# expansion / contraction



## ecw (Jun 15, 2009)

pecan/hickory . does anyone know about how much movement there is for 3/4" x 3" pecan/ hickory. i have some hardwood that has not yet been conditioned(climate controlled), but i want to make a few cabinet doors with it. i have never made doors with unconditioned wood and i know that i would only have to wait for a week or two but i'd like to start working with it tomarrow.
eric


----------



## Just Bill (Dec 29, 2008)

If it has been outside, I would wait a bit.


----------



## woodnthings (Jan 24, 2009)

*Check the moisture content*

I see that you are in Texas, hot-dry or hot-humid? Use a moisture meter to check the content. Was it stored under cover?, how thick it is it?, just milled? All this determines if it will be suitable for use.:thumbsup: bill
FYI 1" thickness requires about 1 year to air dry from sawmilling.


----------



## Daren (Oct 14, 2006)

Like was mentioned your location, the woods current moisture content, the relative humidity of the place the finished product will spend the rest of its life in are all factors to consider...but if you normally have to wait until your wood for projects has conditioned I would this time too.

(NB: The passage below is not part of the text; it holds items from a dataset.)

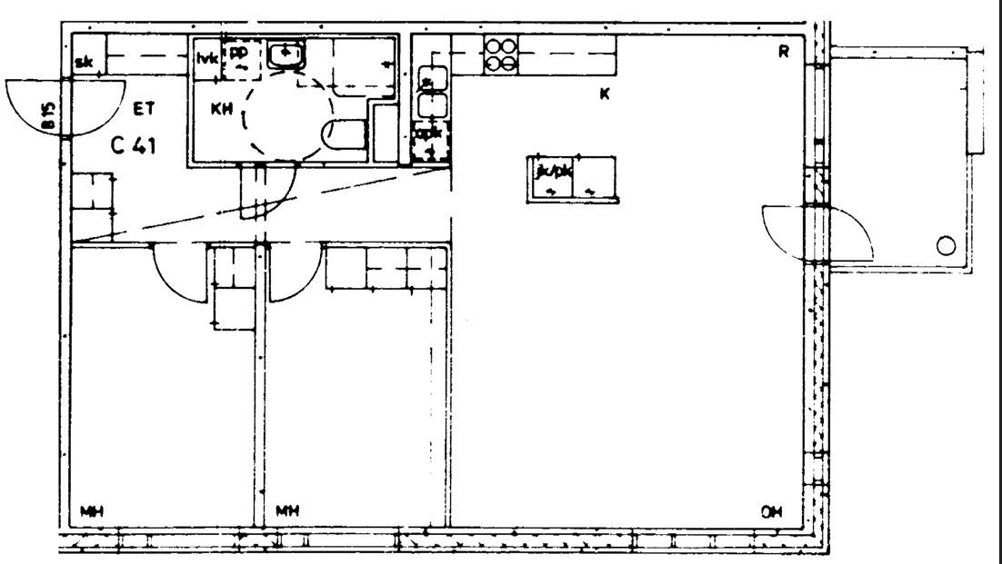 Kerrostalo, 76 m², 3h + k + kph + parveke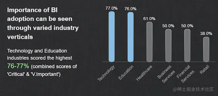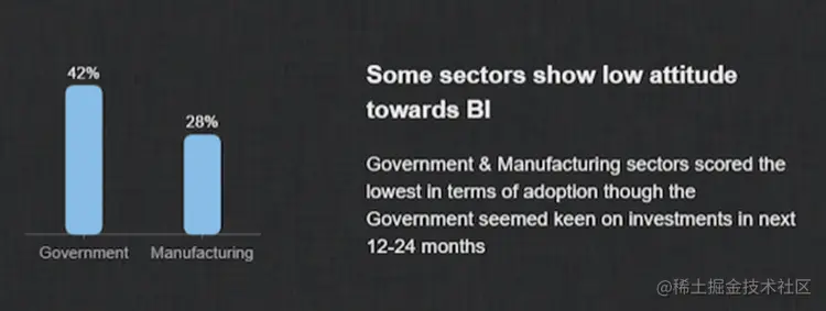 另一方面,政府(42%)和制造业(28%)在采用率方面得分最低。这些数字可能是由于各种原因造成的,但政府的一个明显原因是数据的敏感性。在搜索 BI 系统时,找到具有可扩展安全性的系统至关重要,这样IT 团队就可以轻松管理角色、权限、许可证、用户和安全性。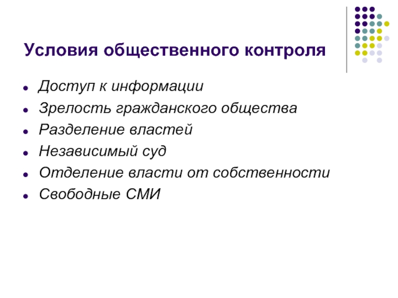 Слайд 9Условия общественного контроля
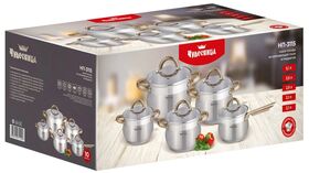 Состав комплекта: ковш 2,1л (16*10,5см), кастрюли 2,1л (16*10,5см), 2,9л (18x11,5см), 3,9л (20x12,5 см), 5,1л (22*13,5см), жаропрочные стеклянные крышки 5 шт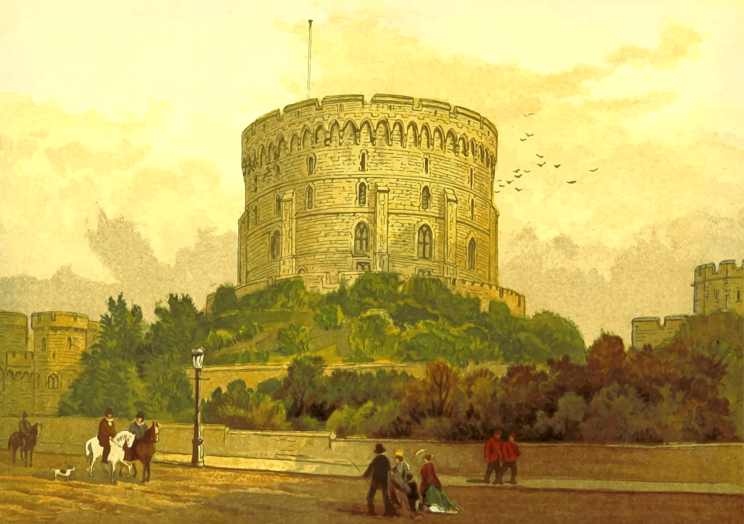 This features a large, old castle with a tall tower in the background. It is situated on top of a hill and overlooks a town below. A group of people can be seen walking around the area, some closer to the castle while others are further away. There are also several birds flying above the scene, adding life to the image. In addition to the people and birds, there is a horse in the foreground on the left side of the picture. A dog is also present near the bottom left corner of the image. The overall atmosphere suggests that this castle may be a popular tourist attraction or a historical site worth visiting.
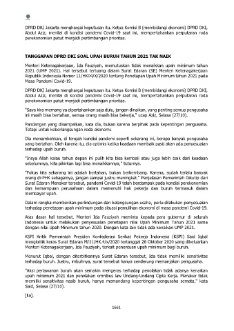 TANGGAPAN DPRD DKI SOAL UPAH BURUH TAHUN 2021 TAK NAIK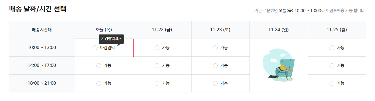 장바구니에 담은 물건을 구매하면 이렇게 배송시간을 선택할 수 있다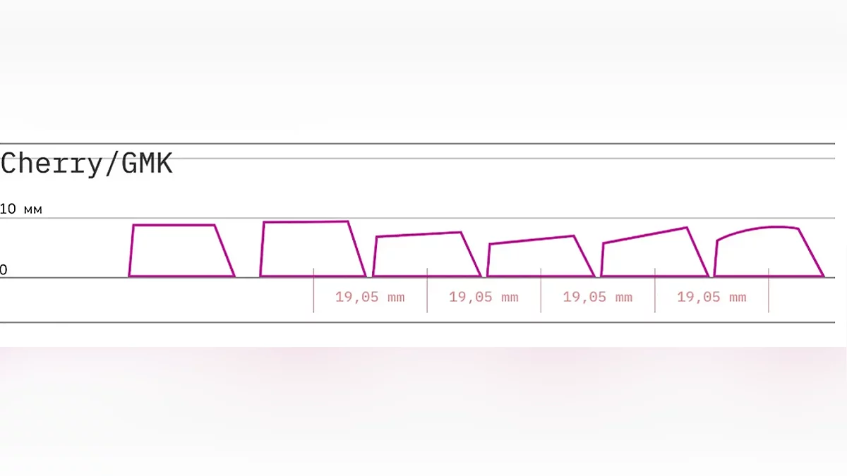 Простыми словами, профиль кейкапов — это вид кейкапов сбоку. Если чуть усложнить, то это различия рядов кейкапов по углу наклона, высоте и форме контактной площадки.

For future reference, for yourself or anyone who stumbles on this thread here are some links with the math and science behind wood movement and moisture content.

Wood shrinkage explained 

shrinkage/expansion calculator

Wood moisture calculator at EMC (equilibrium moisture content)

L--Longitudinal; R=Radial; T=Tangential are the directions wood moves as mentioned in the calculators.









The way wood is sawn out effect the shrinkage/expansion rates too. Flat sawn moves more that quartersawn. The EMC calculator is very helpful in this case, I would estimate the final installation places average relative humidity and temp. That will tell you how dry/wet the wood will be in service. Compare that to it's current moisture content, too much of a difference one way or the other and you will have some movement...Having said all that construction techniques can allow (should allow) for contraction/expansion.


----------